May is finally here! What are you looking forward to this month? For me, I’m excited for the nicer (and more consistent) weather and to go on vacation to Milwaukee later on! Yes, I’ll be visiting some bookstores there.
In addition, I’m ecstatic to show you the books that I’m reading and writing reviews for this month. This includes the graphic novel that I started reading recently.
Sisters by Raina Telgemeier is a memoir of the author’s relationship with her sister. When Raina was little, she couldn’t wait to have a sibling. But once her sister Amara comes into the picture, things don’t get off to a great start. Amara is cute, yet she is grouchy, throws temper tantrums at times, and prefers to play by herself.
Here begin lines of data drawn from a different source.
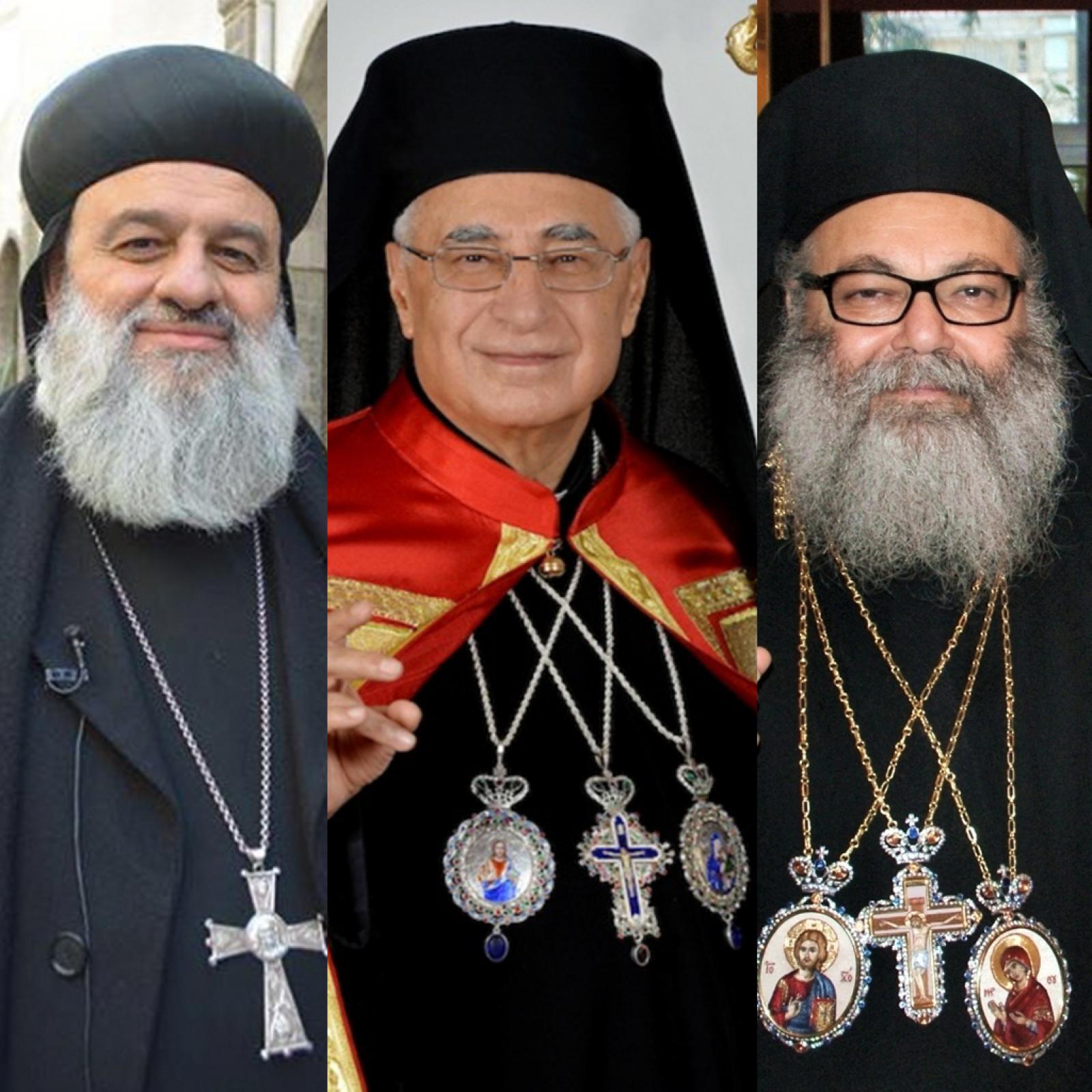 Balról: Ignác Efrém szír ortodox pátriárka, Youssef Absi melkita görögkatolikus pátriárka, X. János antiochiai görög pátriárka nyílt levele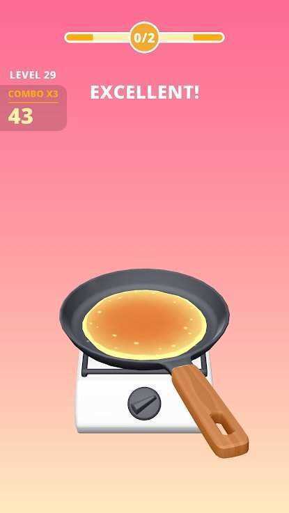 1、简约清新画风:采用简洁明快的色彩搭配与扁平化设计,金黄的煎饼、原木色的平底锅和纯色背景相互映衬,营造出舒适的视觉感受,搭配轻快音效,带来轻松愉悦的氛围。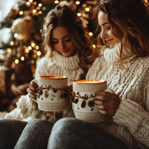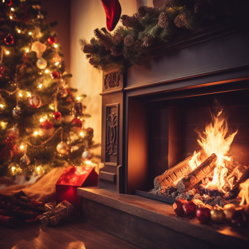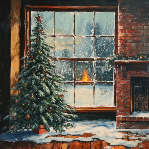 holiday feelings cheer and love and goodwill hightly stylized evergreen tree artwork cold and frosty windowpane with red brick hearth and fireplace inside

Their relationship doesn’t improve much over the years, but when a baby brother arrives and later, when something feels off with their parents, they realize that they must figure out how to get along. This story evolves over a three-week period during a road trip from San Francisco to a family reunion in Colorado.
This is apparently the second in the “Smile” series, which are based on Telgemeier’s own life while growing up. The first in that series is Smile. Reading Sisters has made me want to read Smile at some point because the former is fantastic!
I’m halfway through the graphic novel, and I love the story. The relationship between Raina and Amara feels 100% real with all of its up and downs. To be fair, I may be biased in this since I had a similar one with my older sister when we were growing up. Though the book is told through Raina’s perspective, it shows both sides of the coin when it comes to her and Amara getting along. When they were younger, Raina offered to do stuff together with Amara like drawing and dancing to music, the latter just flat out refused. At the same time, once Amara becomes interested in drawing animals and going to the zoo, Raina doesn’t seem to care as much.
The other strong point of this graphic novel is Telgemeier’s illustrations. It goes into flashbacks frequently, and this is represented through the sepia tone that’s on those particular pages. I also enjoyed seeing the facial expressions on various characters. It often relies on big emotions because it’s told from the viewpoint of a preteen. For example, when Raina asks Amara what she’s drawing, the latter gives the biggest glare I’ve ever seen in a graphic novel. It helps that the word “glare” is present on that panel for those who have trouble reading facial expressions.
This is my first Telgemeier title, and I can see why she is a leading name in the world of juvenile graphic novels. I can’t wait to continue reading Sisters!
We have now come to the end of the thirty-second chapter of “What Am I Reading?”